第31話 王女様って

「そっかぁ……なぁ! アイシュタルトは城で働いてたんだろ?」


 ルーイが私の顔を見て、わざとらしく明るい声で話を変えた。ルーイにはもう、隠しごとはできない。


「あぁ」


「王女様って、やっぱり綺麗?」


「は?」


「カミュートには王女っていないからさ。王女様、見たことある?」


「ある」


「綺麗?」


 私の答えにルーイが前のめりになって顔を寄せてくる。


「き、綺麗だ」


 姫のことを思い出せば、顔に熱が上がってくるのがわかる。


「へぇー。俺も見てみたいなぁ」


 私の顔を見ないように、わざとらしく、空を見上げて、そうつぶやいた。色々なことが、バレているのに違いない。それなのに、黙っていてくれるその優しさに甘えたままで良いのだろうか。


「また、ゆっくり教えてよ。王女様のこと」


 黙り込み、考え込んだ私の耳に、ルーイの声が優しく届く。


「王女は……私が仕えていた方だ」


 言って、しまった。ルーイの声が、顔が、私の心に響いた。彼ならば、受け入れてくれるのではないかと。そう思わずにいられなかった。


「え? えぇ?! ええぇぇぇええ?!」


「ルーイ、うるさい」


「あ、悪い。って、本当?! つ、仕えていたって」


「あぁ。姫の、クリュスエント様の護衛騎士だった」


「護衛って、あの、王族の周りにいる…あれ?」


「ククッ。あぁ。あれだ」


 私の心配など、無用であったのかもしれない。ルーイの反応はあまりにも自然で、つい笑いがこぼれる。

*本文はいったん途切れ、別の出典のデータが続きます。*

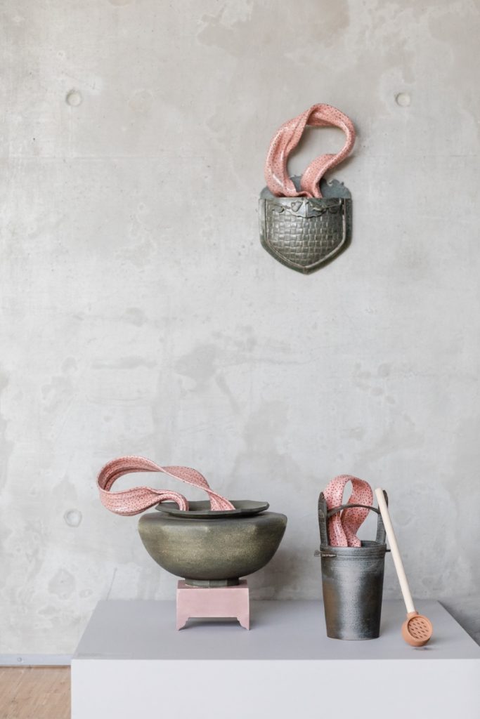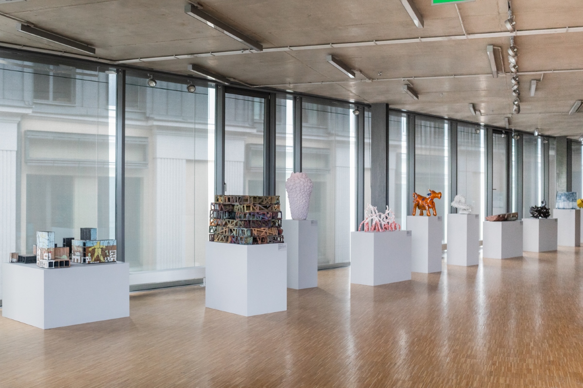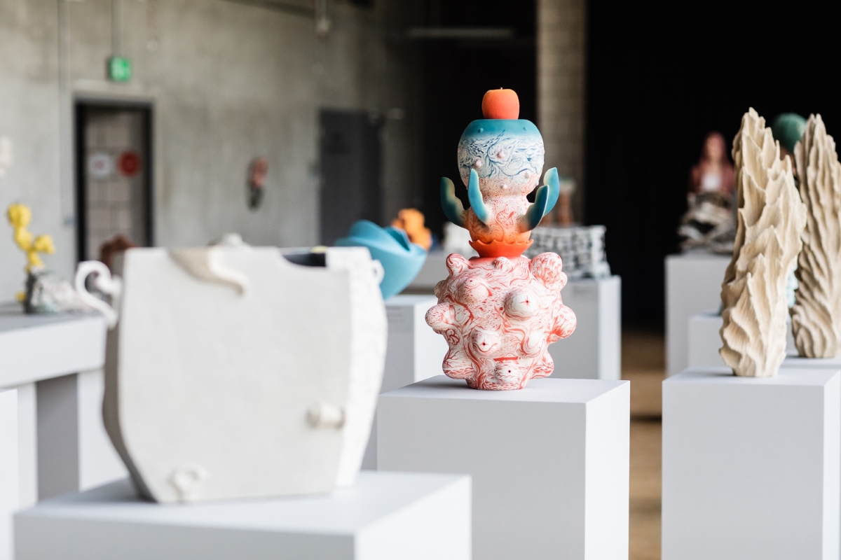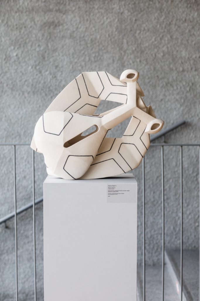 Hanna Miadzvedzeva created her own technique of producing forms from slip, with her sculpture Storm reminiscent of a thundercloud billowing low overhead. In terms of contextual engagement, a sculpture that particularly stood out, was the creation From the series War by Czech artist Robert Buček, who paints representations of war in the style of children’s drawings on prefabricated ceramic segments. The destructive impact of war is further emphasized through the use of the raku method. Childhood is also referenced, though differently, in the works Mumu model Voodoo by Mariusz Dydo (Poland) and JOY by Marta Olejniczak (Poland).

「すげぇ。そ、そしたらアイシュタルトって、もしかして、とんでもなく強いんじゃ……」


「とんでもなく……はどうだろうか。小さい熊は倒せるようだが」


「あ、ははっ。そりゃそうだ。倒したもんな」


「あぁ」


「そっかぁー。そりゃ強いはずだよ。逃げねぇよなぁ」


「逃げることなど、あってはならないからな」


 護るべき人がいる。自分の命を優先して、逃げることなど、許されるはずもない。私が生きてきたのは、そういう世界だ。

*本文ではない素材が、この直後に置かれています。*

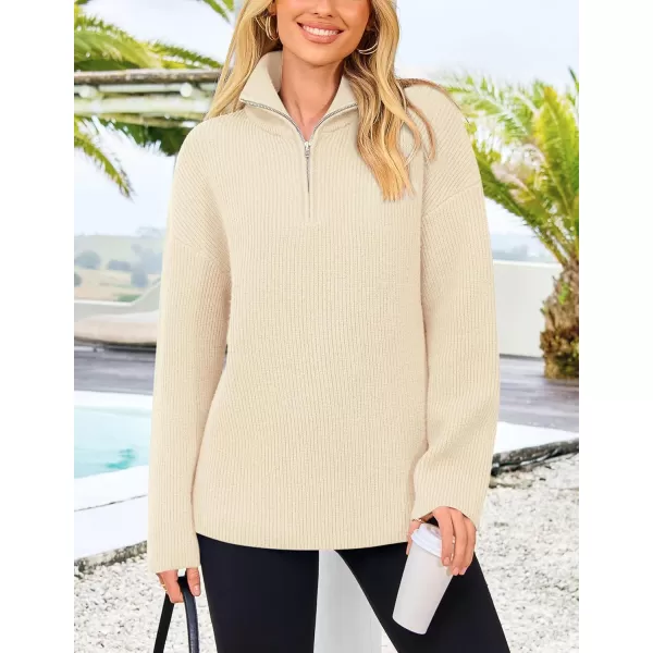 PRETTYGARDEN Women's 2024 Fall Chunky Knit Sweaters Long Sleeve Collared Quarter Zip Pullover Jumper Tops(Beige)
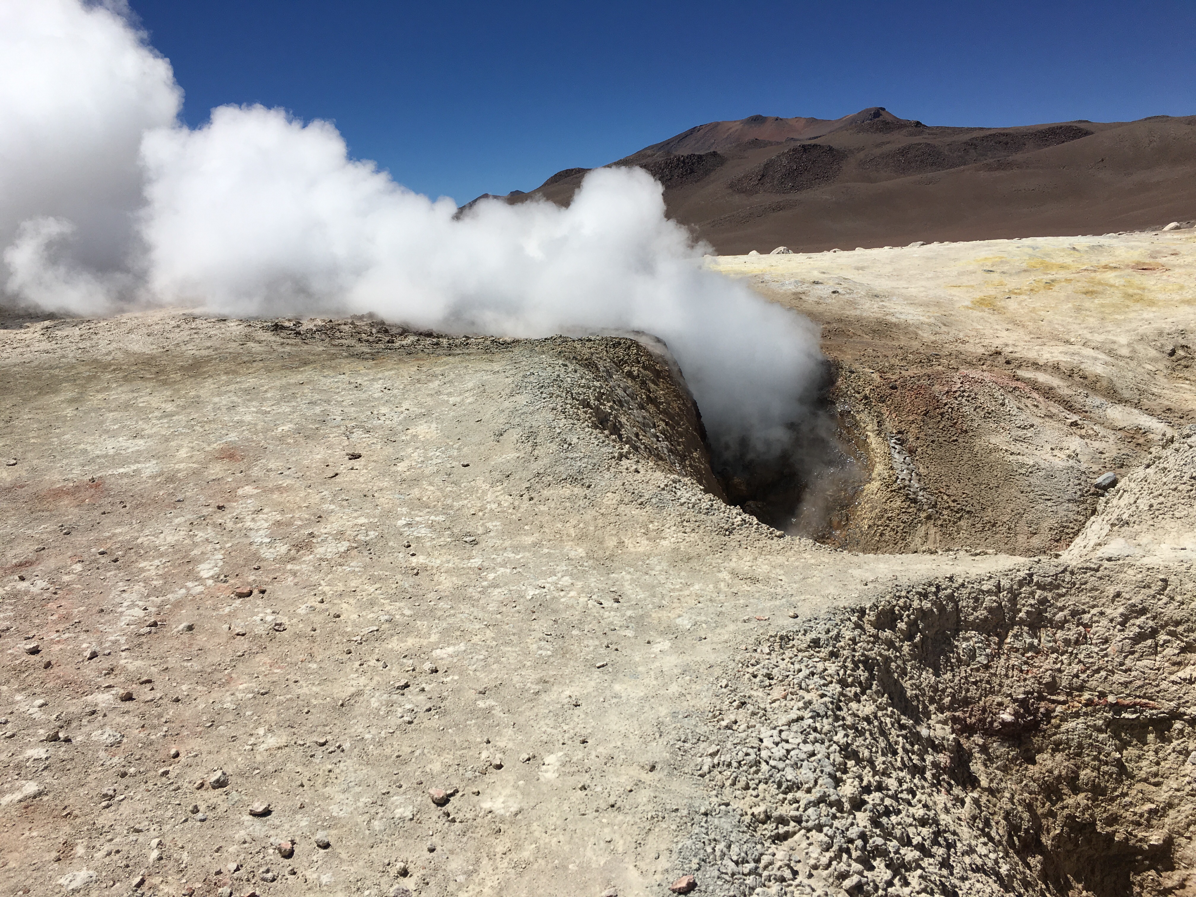 Visita obligada a los Geysers «Sol de la Mañana»: Géiseres, fumarolas y pozos volcánicos forman un conjunto espectacular. En los cráteres se puede observar lava hirviendo; las fumarolas emiten vapores mixtos de agua y vapor caliente. Este campo geotérmico está ubicado a una altitud de 4.900 msnm, así que antes de llegar hasta aquí tendrás que haber hecho una buena aclimatación.

「お、俺のことはそんなに必死で守らなくていいからな! ちゃんと逃げろよ」


「当たり前だ」


「即答?! 逃げるなど……とか言わねぇの?」


「言わぬ。置いて逃げる」


「え? あれ? 俺、見捨てられるの?」


「……」


 わたしが黙ったまま視線を外すと、ルーイの慌てる様子に拍車がかかる。


「お、おい!」


「……クッ。ククッ」


「じ、冗談……?」


「あぁ。見捨てぬ。逃げるときは一緒に逃げるぞ」


「なんだぁー。きつい冗談」


 ルーイが安心してその場で座り込んだ。


「そのような場で……ほら」


 ルーイを立たせようと私が手を差し出す。まるで、出会った時のようだ。


「悪い」


 そう言ってルーイが私の手を取り、引き寄せた。


「っ?!」


 転びそうになるところを、足に力を入れて耐える。


「ちぇー。失敗したか」


「何をするんだ!」


「俺ばっかりからかわれたからなぁ」


「クッ。まだまだだな」


 私たちは目を合わせると、道の端に移動して腰を下ろす。


「仕えていた姫が、コーゼに嫁いだってこと?」


「あぁ」


「カミュートにきた理由をさ、『したくもないことをやらされそうだった』って言ってたけど、それに関係あるの?」


「そうだな」


「そっかぁ。アイシュタルトも色々あるよなぁ。よくも知らない、隣の国にこなきゃいけなかったんだよな。いつでも、何事もない様な顔してるから、忘れてた」


「忘れたままでも構わないが」


「またそういう言い方……コーゼのこと、心配だな」


「あぁ」


 姫のことが頭をよぎれば、おのずと視線が下を向く。心配しかできない、この手で護ることのできない、自分の無力さに嫌気がさす。


「コーゼの、姫のことも探ってみるか」


 ルーイの提案に、思わず顔を上げる。そうすればニヤッと笑うルーイの顔が目に入る。

 私は何故、このような反応を返すようになってしまったのだろうか。